▶ Provided material:
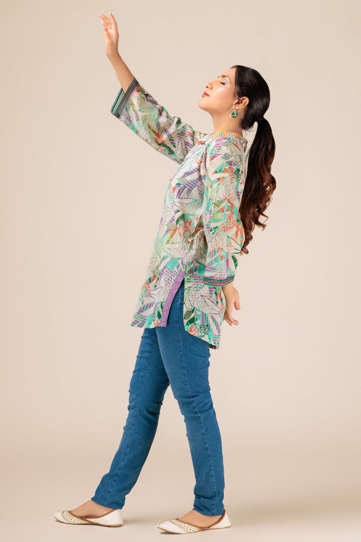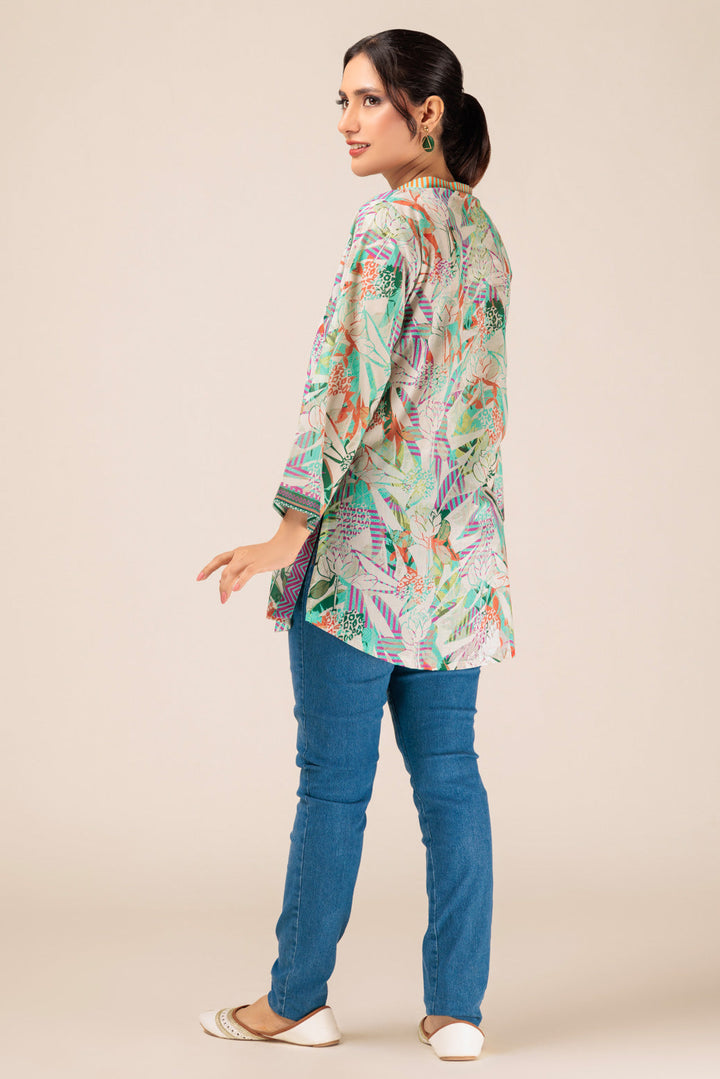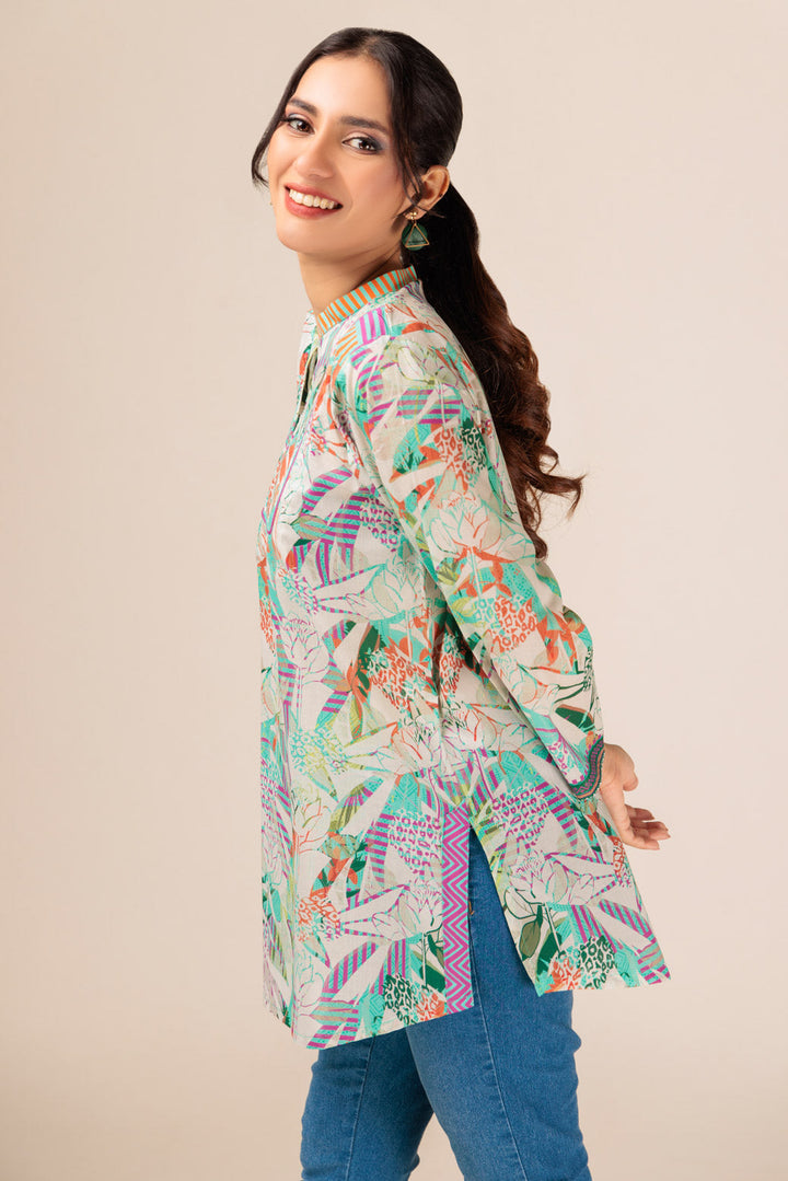 Digital Printed Lawn Loose Fit Shirt With Band Collar And Button On Front.
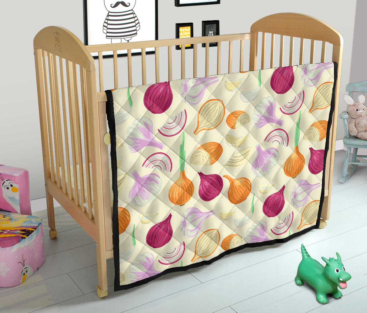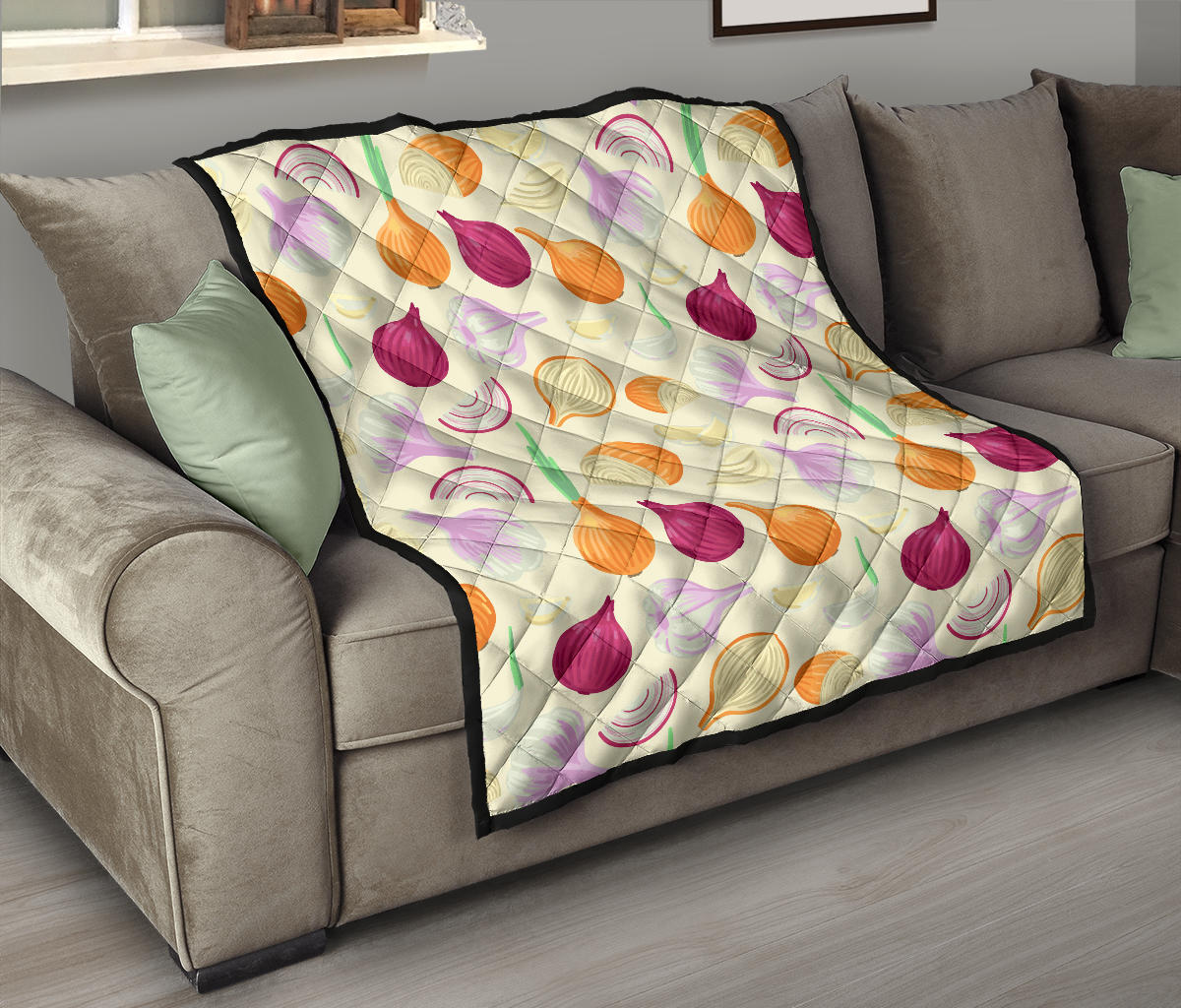 Onion Garlic White Red Pattern Premium Quilt is a uniqued design and limited item. It made to order, hand printed, and sewn with love in our factory.
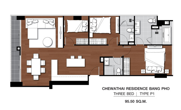 - แบบ 3 ห้องนอน พื้นที่ใช้สอยขนาด ขนาด 95.5 - 117.0 ตร.ม.
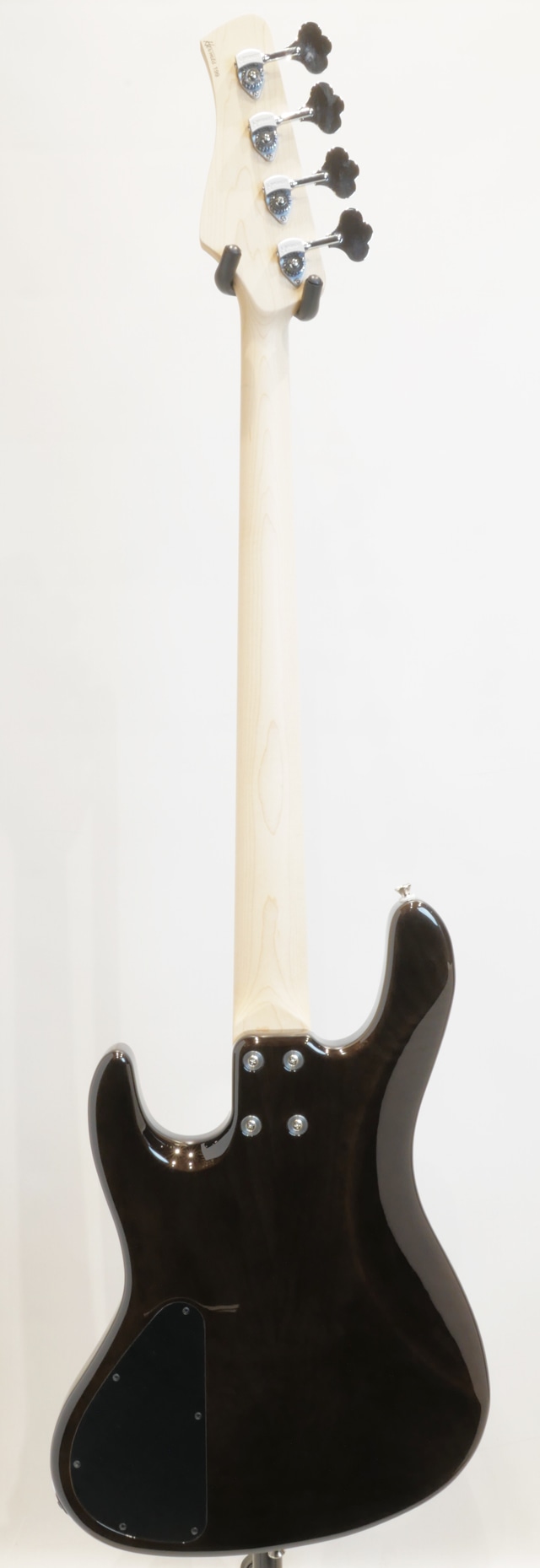 アッシュボディのベースでありながら、総重量約3.7kgと非常に軽量に仕上がっており、過去の国産Metrolineシリーズを彷彿とさせます。どっしりとしたボトムとパリンと鳴る乾いたアタックが心地良く、Funk系のフレーズやスラップが映えるサウンドで、1弦12フレット上で約1.5mm、4弦で約2.1mmのローアクションからなる高いプレイアビリティによる恩恵もあり、非常にストレスフリーに演奏をお楽しみ頂けます。ローアクションでありながらも音詰まりや鳴りが悪いということも全く無く、John Suhr直伝のフレットワークの精度の高さが伺えます。
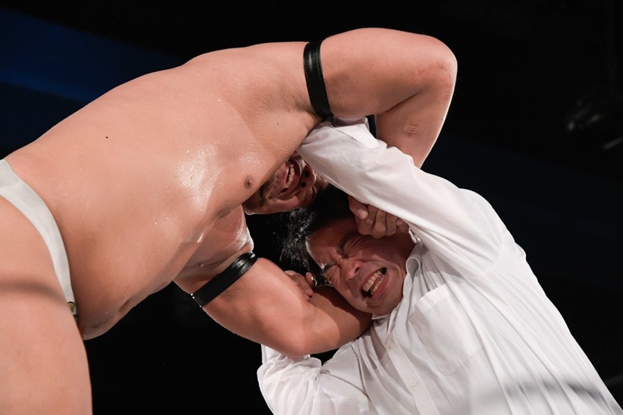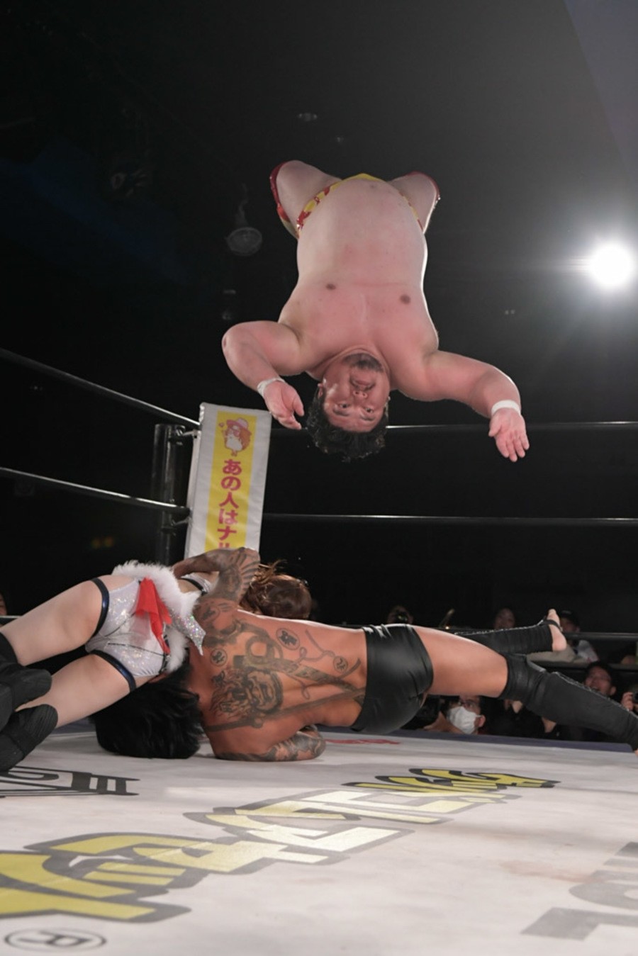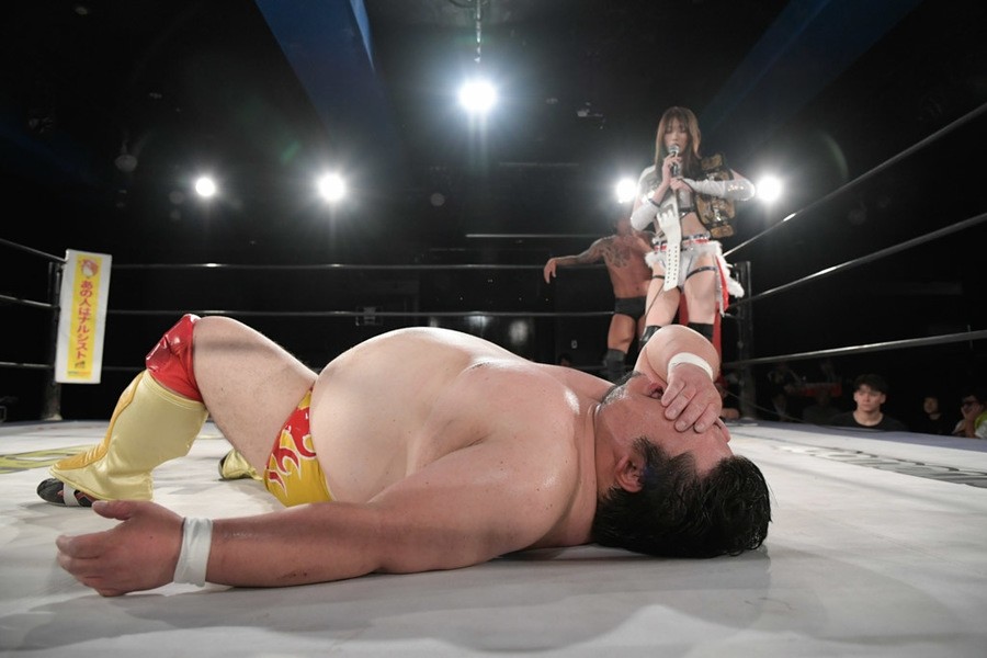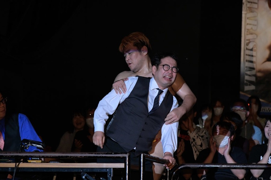 この事態に、飯野が「やり足りねぇ! 今林、試合やってくれ」と要求し、飯野と今林GMによる緊急決定試合に突入。今林GMもスタナー、STFで奮戦も、飯野がSTP(ステップオーバー・トーホールド・ウィズ・フェロモン)で秒殺。
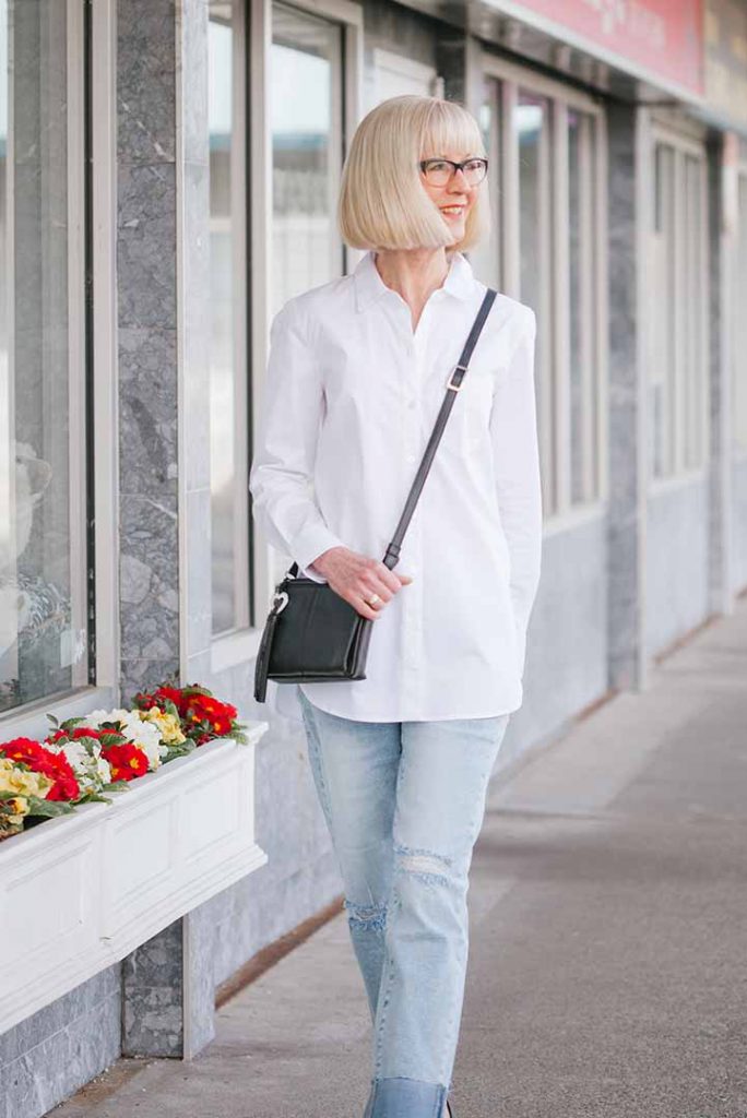 A white button up shirt can be worn as a layering piece under a sweater or stand on its own to dress up your jeans or dress pants.  It can also be worn as a coverup with a cami underneath…many options once more for different occasions.  Dress up for your zoom or throw it on for a beach cover up!
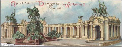 There were monuments to Kaiser Wilhelm I of Prussia all over the land. In March, 1888, fifteen days after the death of the Kaiser Wilhelm I of Prussia, who was proclaimed German Emperor in Versailles in 1871, the Imperial Diet unanimously voted to erect a memorial to the memory of the much respected and beloved founder of the German empire. In June of 1894, construction began at a cost of four million gold marks. The number of animals on the monument prompted many contemporary jokes. It included a menagerie of 157 animals: 21 horses, 2 oxen, 8 sheep, 4 lions, 16 bats, 6 mice, 10 pigeons, 2 ravens, 2 eagles, 16 owls,1 Kingfisher, 32 lizards, 18 snakes, 1 carp, 1 frog and 16 crabs. The center of the magnificent 21-meter high monument was the 9-meter-high equestrian statue of the Emperor accompanied by a female god of peace. Victory goddesses floated on the four corners of the bronze pedestal and the floor of the hall was covered with a beautiful mosaic floor. On the ledge of the front, four characters groups sculpted by various artists embodied the kingdoms of Prussia, Bavaria, Saxony and Wuerttemberg. The four groups on the reverse side were trade and shipping, art, science and agriculture and commercial diligence. Ceremonies took place all over Germany in March of 1897. Later, on March 22,1900, Kaiser Wilhelm II, his wife, and rulers or representatives of all the German States dedicated the new monument in Berlin. There was immense popular enthusiasm. The monument was built with a throne and red carpeted staircases, complete with a magnificent canopy edged in golden braids which was reserved for the dowager Empress ( the daughter of Queen Victoria of England and mother to Kaiser Wilhelm II ), the Prussian princesses and German rulers. A hundred Prussian and imperial deputies stood on the platform of the memorial among brilliantly uniformed officers. The Kaiser and his aides-de-camp and generals rode along of the troop line in the Unter den Linden to the tunes of military marches. When the empresses appeared in the imperial pavilion, the Kaiser gave the command for the drums and trumpets to play and for the singing of the favorite hymn of Wilhelm II: "Wir treten zum Beten von Gott dem Gerechten" (We are going to pray God the Just). A Lutheran pastor issued a prayer of consecration for the sixty-five foot monument and when he was finished the Kaiser drew his sword, made troops present arms, and cut the veil covering the statue while they all saluted. The statue, in bronze, represented Wilhelm I in full Prussian dress with a spiked-helmet. "To Wilhelm the Great, King of Prussia, 1861-1888 " was inscribed upon the monument along with: "Acknowledgement and faithful affection - the German people". The Kaiser remained on horseback for a time after the veil had been removed, while drums were beating, troops were cheering and military music playing "Heil dir im Siegerkranz". At the same time, a hundred and one cannon-shots was fired and all city bells rang out in pride. Afterward, there was a lush banquet where Kaiser Wilhelm II made a speech praising his father and recalling the suffering of Germany beforehand while under the French yoke. |
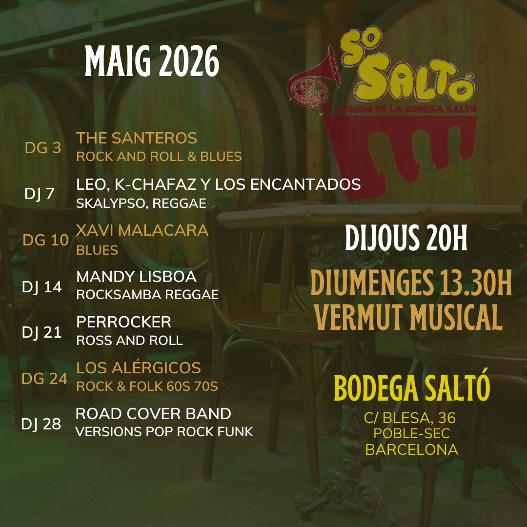 Primera tarima per a molta gent que comença, entre aquestes parets han recitat els Accidents Polipoètics, l’Ester Xargay o els Curtis i Krónia. I han actuat els Che Sudaka, Muchachito, la Kinky Beat, el Joan Garriga de la Troba Kung Fú, o la Ultra Violeta Experience. Diuen que, fins i tot, s’han sentit jams improvisades amb Manu Chao o el guitarrista Madjid Fahem. En una ciutat on cada vegada és més difícil escoltar a músics tocar en directe, la Gran Bodega Saltó segueix oferint una programació eclèctica i plena de sorpreses.

▶ Your task:
Once the line containing "この事態に、飯野が「やり足り" has been copied, stop; everything from the first line of the data up to it must be copied exactly, without pictures.

▶ Output below:
 Digital Printed Lawn Loose Fit Shirt With Band Collar And Button On Front.
 Onion Garlic White Red Pattern Premium Quilt is a uniqued design and limited item. It made to order, hand printed, and sewn with love in our factory.
 - แบบ 3 ห้องนอน พื้นที่ใช้สอยขนาด ขนาด 95.5 - 117.0 ตร.ม.
 アッシュボディのベースでありながら、総重量約3.7kgと非常に軽量に仕上がっており、過去の国産Metrolineシリーズを彷彿とさせます。どっしりとしたボトムとパリンと鳴る乾いたアタックが心地良く、Funk系のフレーズやスラップが映えるサウンドで、1弦12フレット上で約1.5mm、4弦で約2.1mmのローアクションからなる高いプレイアビリティによる恩恵もあり、非常にストレスフリーに演奏をお楽しみ頂けます。ローアクションでありながらも音詰まりや鳴りが悪いということも全く無く、John Suhr直伝のフレットワークの精度の高さが伺えます。
 この事態に、飯野が「やり足りねぇ! 今林、試合やってくれ」と要求し、飯野と今林GMによる緊急決定試合に突入。今林GMもスタナー、STFで奮戦も、飯野がSTP(ステップオーバー・トーホールド・ウィズ・フェロモン)で秒殺。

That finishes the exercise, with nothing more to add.